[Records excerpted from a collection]
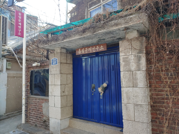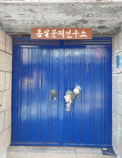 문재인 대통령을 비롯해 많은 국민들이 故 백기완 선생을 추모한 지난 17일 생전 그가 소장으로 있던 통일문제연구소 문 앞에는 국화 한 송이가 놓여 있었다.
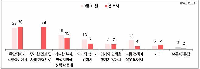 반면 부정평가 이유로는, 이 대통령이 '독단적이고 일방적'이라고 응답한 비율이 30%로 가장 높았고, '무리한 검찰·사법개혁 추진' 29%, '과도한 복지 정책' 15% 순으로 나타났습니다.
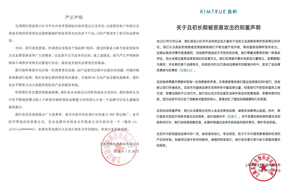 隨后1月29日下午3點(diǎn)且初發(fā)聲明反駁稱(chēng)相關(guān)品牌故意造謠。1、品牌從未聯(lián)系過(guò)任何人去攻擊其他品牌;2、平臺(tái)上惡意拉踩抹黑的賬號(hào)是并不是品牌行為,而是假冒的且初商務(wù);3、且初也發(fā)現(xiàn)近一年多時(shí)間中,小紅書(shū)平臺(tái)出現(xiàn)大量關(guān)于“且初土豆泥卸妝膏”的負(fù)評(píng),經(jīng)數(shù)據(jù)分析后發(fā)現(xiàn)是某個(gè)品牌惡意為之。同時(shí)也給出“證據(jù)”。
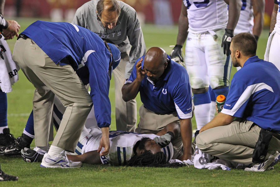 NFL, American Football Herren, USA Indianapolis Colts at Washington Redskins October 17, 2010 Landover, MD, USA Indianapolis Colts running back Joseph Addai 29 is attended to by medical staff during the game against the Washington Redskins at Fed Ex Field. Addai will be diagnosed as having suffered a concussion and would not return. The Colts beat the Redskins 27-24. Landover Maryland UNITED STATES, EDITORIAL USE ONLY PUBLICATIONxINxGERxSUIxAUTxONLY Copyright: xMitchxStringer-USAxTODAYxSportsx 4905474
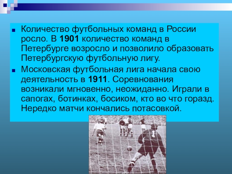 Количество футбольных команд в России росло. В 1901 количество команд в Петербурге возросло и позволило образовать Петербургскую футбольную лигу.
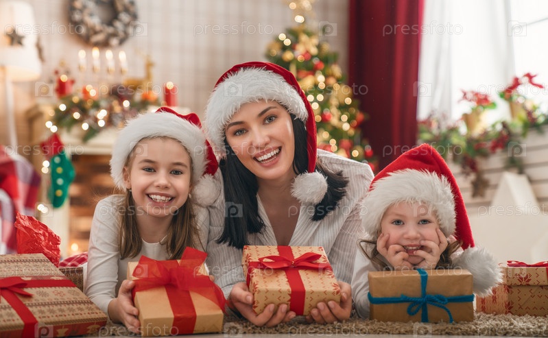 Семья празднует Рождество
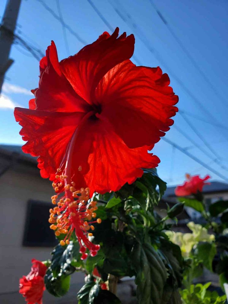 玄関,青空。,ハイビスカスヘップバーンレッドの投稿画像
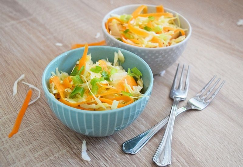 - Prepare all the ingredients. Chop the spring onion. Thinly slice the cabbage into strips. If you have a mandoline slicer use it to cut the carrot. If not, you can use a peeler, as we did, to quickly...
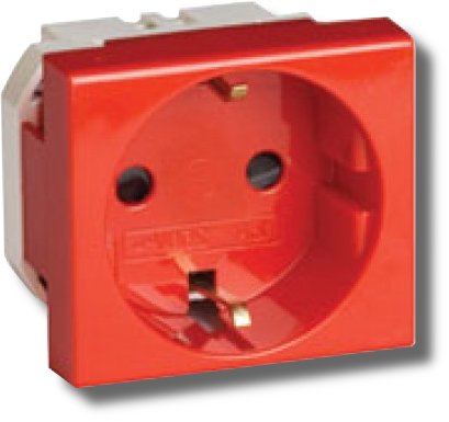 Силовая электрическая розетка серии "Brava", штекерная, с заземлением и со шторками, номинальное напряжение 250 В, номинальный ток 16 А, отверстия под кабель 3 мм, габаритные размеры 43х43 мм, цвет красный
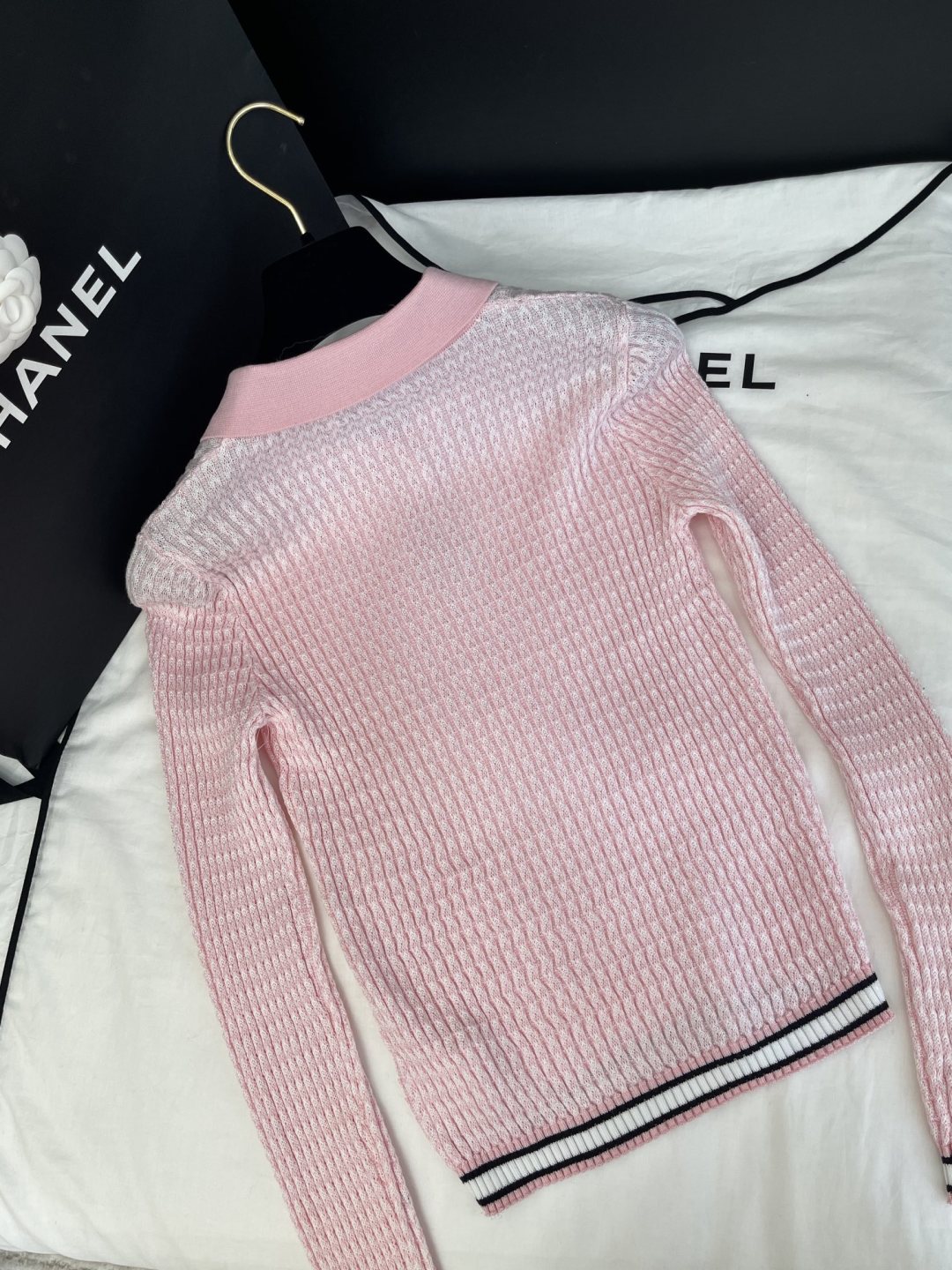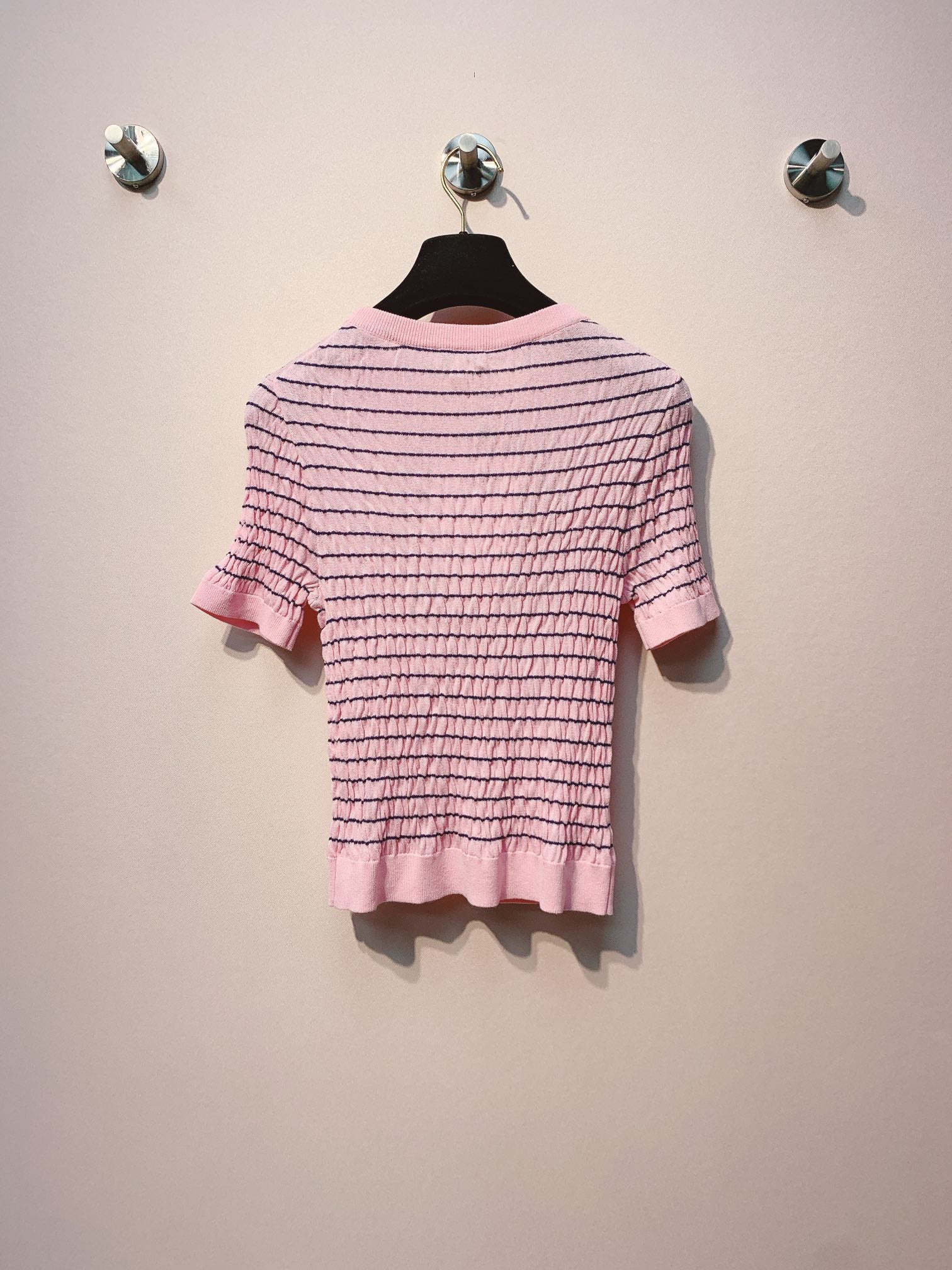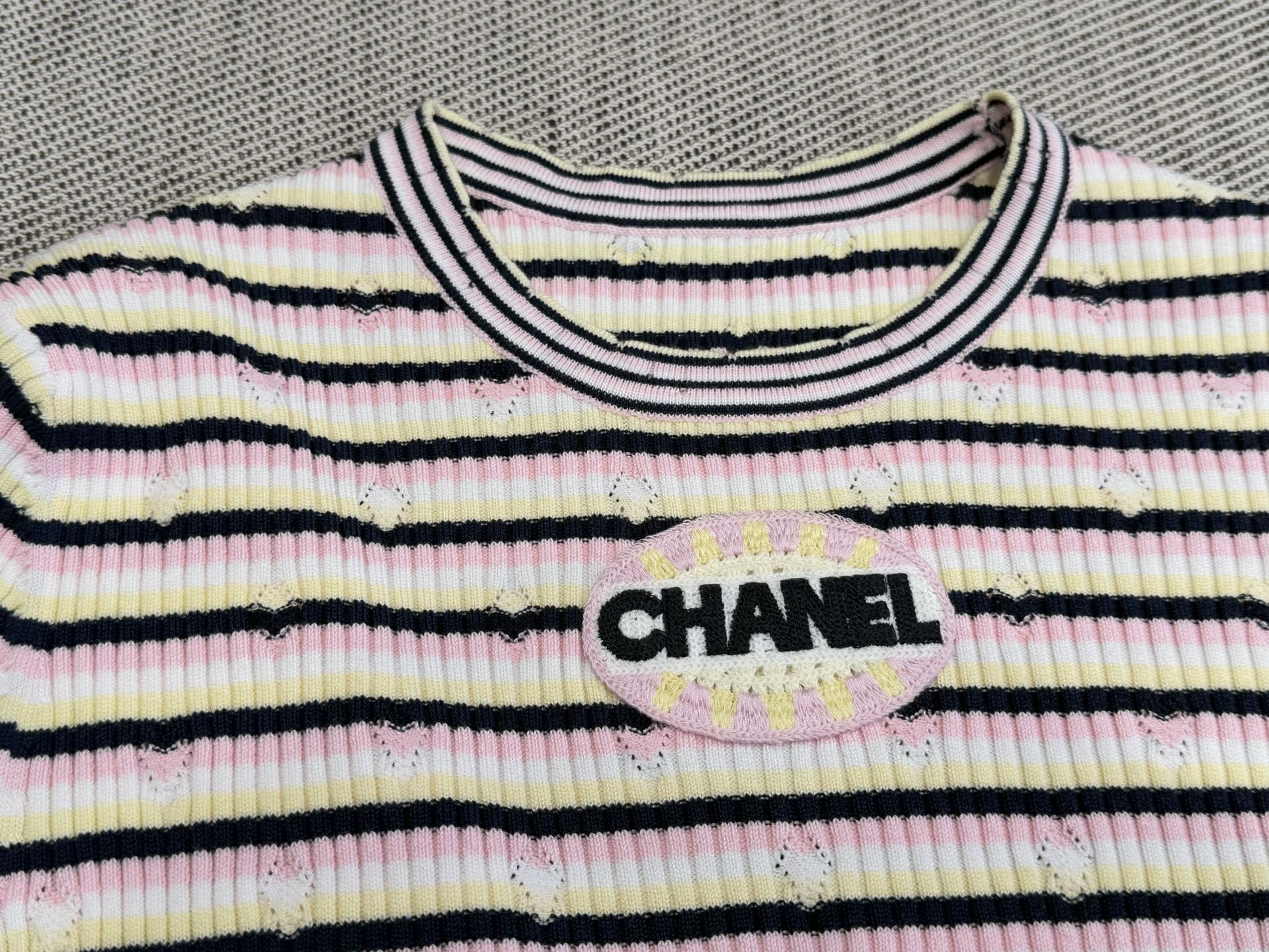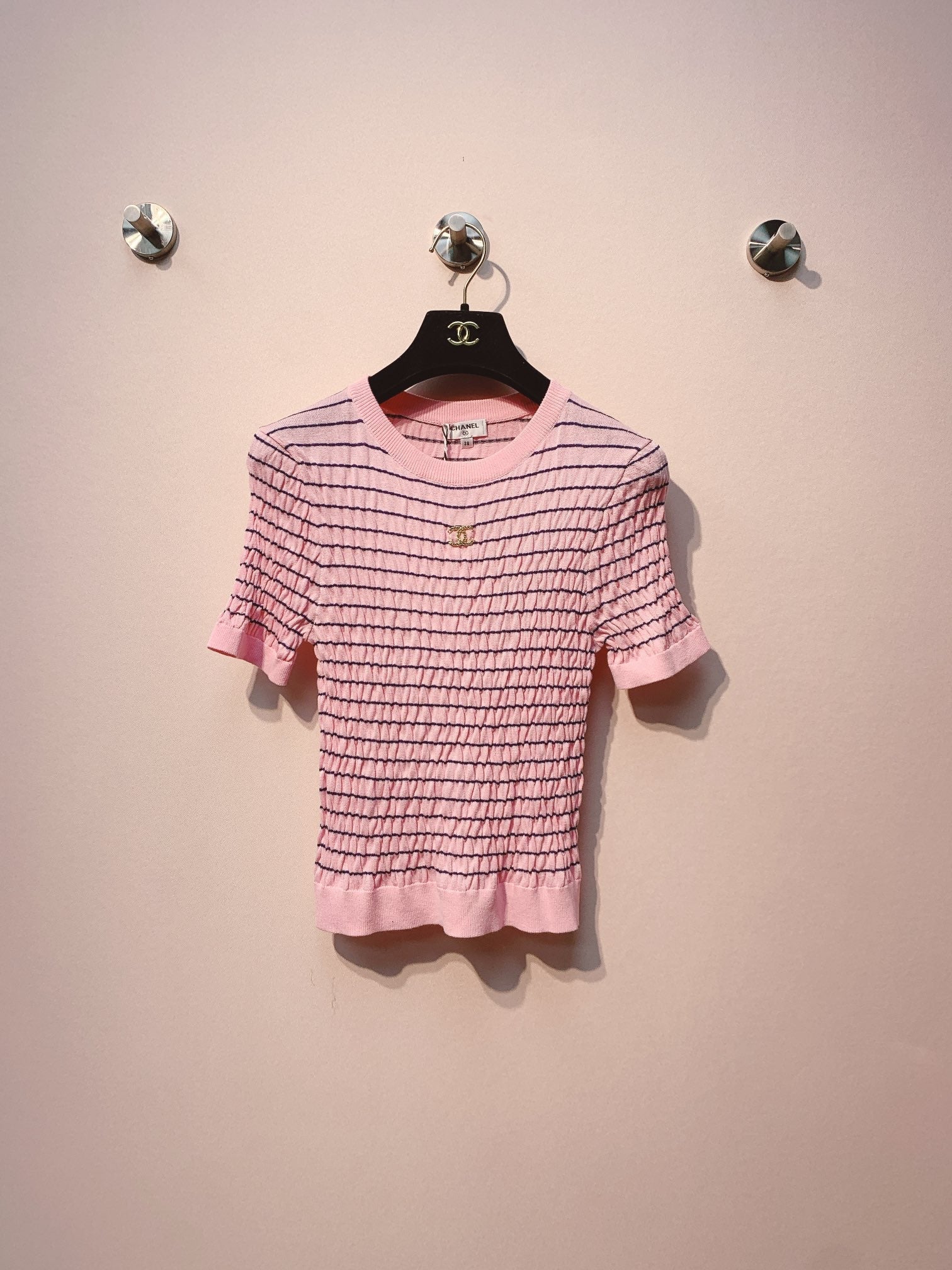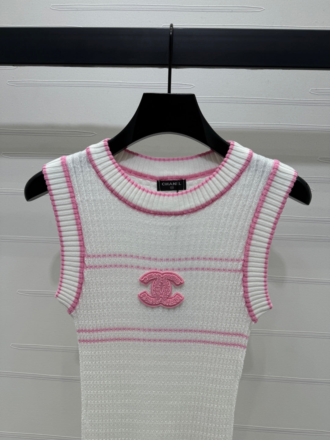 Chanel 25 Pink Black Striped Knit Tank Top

Required action. Pictures excluded, repeat the records exactly from their opening line through the line containing "반면 부정평가 이유로는, 이".

Answer to this problem.
 문재인 대통령을 비롯해 많은 국민들이 故 백기완 선생을 추모한 지난 17일 생전 그가 소장으로 있던 통일문제연구소 문 앞에는 국화 한 송이가 놓여 있었다.
 반면 부정평가 이유로는, 이 대통령이 '독단적이고 일방적'이라고 응답한 비율이 30%로 가장 높았고, '무리한 검찰·사법개혁 추진' 29%, '과도한 복지 정책' 15% 순으로 나타났습니다.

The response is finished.